What to do: Lift out, unaltered, the lines of the material below between the line holding "Even after lockdown" and the line holding "奈良公園のシカは野生動物です", counting both.

Data extracts:
━━━━━━━━━━━━━━━━

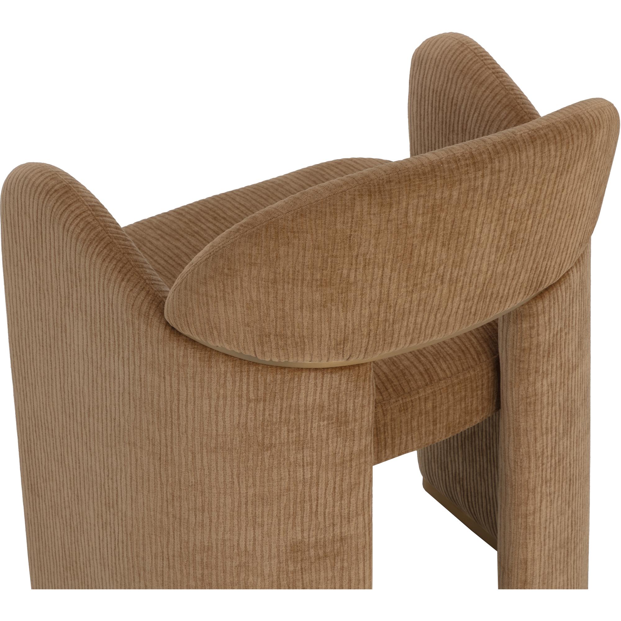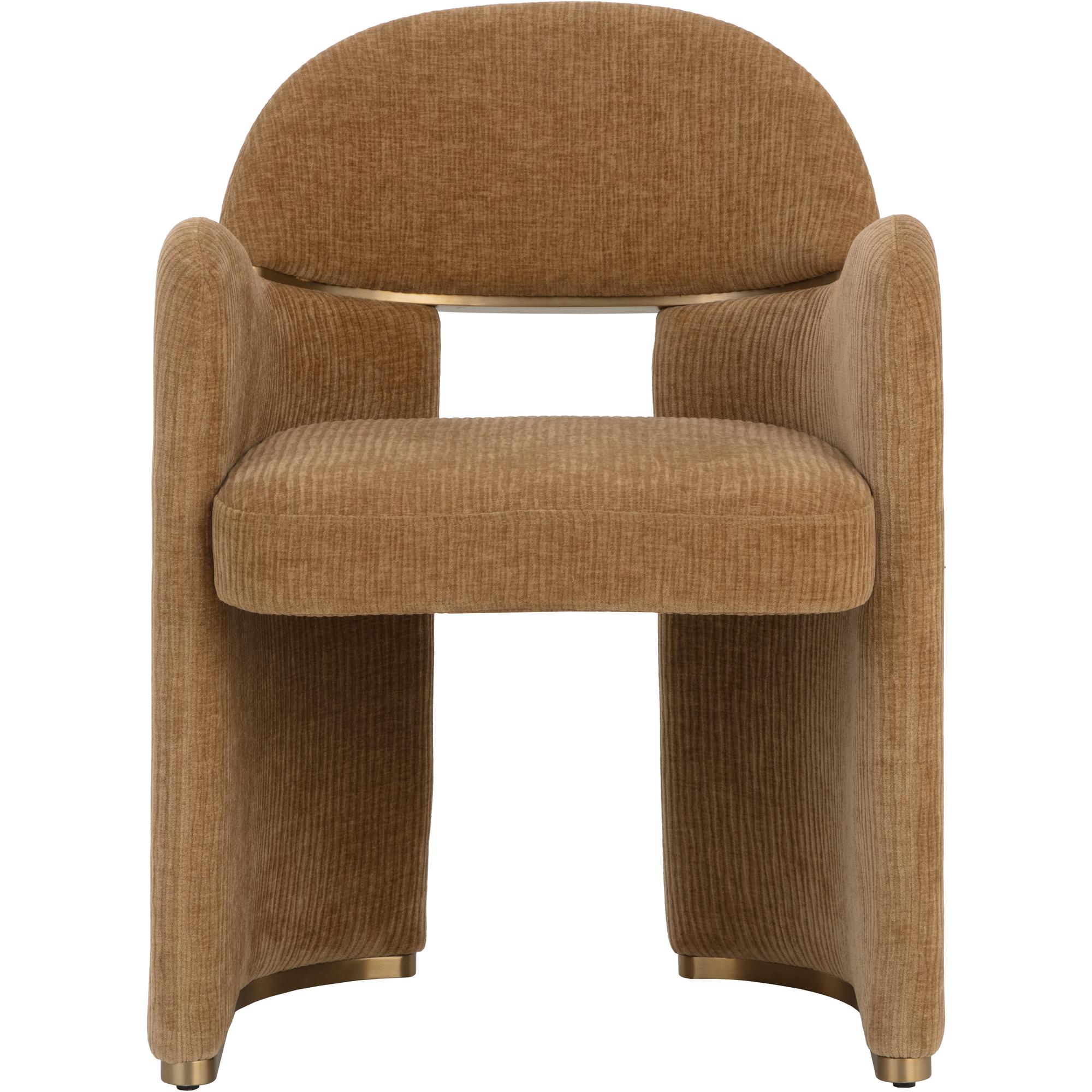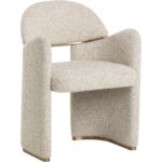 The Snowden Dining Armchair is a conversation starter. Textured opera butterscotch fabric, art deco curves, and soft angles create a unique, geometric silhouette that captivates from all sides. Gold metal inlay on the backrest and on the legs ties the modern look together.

━━━━━━━━━━━━━━━━

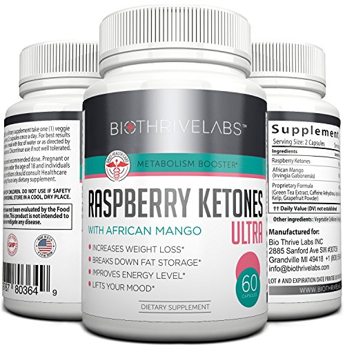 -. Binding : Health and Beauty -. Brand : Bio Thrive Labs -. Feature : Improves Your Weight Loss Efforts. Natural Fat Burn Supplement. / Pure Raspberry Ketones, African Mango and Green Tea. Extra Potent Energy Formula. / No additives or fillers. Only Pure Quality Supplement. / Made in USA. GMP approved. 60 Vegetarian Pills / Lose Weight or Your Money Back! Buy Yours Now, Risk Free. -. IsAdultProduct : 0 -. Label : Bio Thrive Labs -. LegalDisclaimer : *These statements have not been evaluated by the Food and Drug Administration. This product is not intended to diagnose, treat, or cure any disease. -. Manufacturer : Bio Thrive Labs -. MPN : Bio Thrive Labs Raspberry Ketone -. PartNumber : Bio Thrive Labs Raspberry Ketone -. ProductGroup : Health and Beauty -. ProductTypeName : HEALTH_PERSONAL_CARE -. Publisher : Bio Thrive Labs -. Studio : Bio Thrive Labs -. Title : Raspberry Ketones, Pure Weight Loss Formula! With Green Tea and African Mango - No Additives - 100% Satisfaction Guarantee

━━━━━━━━━━━━━━━━

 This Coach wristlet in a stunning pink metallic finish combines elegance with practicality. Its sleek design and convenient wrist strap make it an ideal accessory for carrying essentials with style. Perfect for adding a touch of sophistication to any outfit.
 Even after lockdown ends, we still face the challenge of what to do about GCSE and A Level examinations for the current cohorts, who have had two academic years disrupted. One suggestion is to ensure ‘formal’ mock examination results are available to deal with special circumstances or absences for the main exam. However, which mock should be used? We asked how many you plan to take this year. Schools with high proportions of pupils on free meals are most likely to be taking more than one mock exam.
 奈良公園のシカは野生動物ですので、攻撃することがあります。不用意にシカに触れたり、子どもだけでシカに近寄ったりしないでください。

━━━━━━━━━━━━━━━━

Answer area:
 Even after lockdown ends, we still face the challenge of what to do about GCSE and A Level examinations for the current cohorts, who have had two academic years disrupted. One suggestion is to ensure ‘formal’ mock examination results are available to deal with special circumstances or absences for the main exam. However, which mock should be used? We asked how many you plan to take this year. Schools with high proportions of pupils on free meals are most likely to be taking more than one mock exam.
 奈良公園のシカは野生動物ですので、攻撃することがあります。不用意にシカに触れたり、子どもだけでシカに近寄ったりしないでください。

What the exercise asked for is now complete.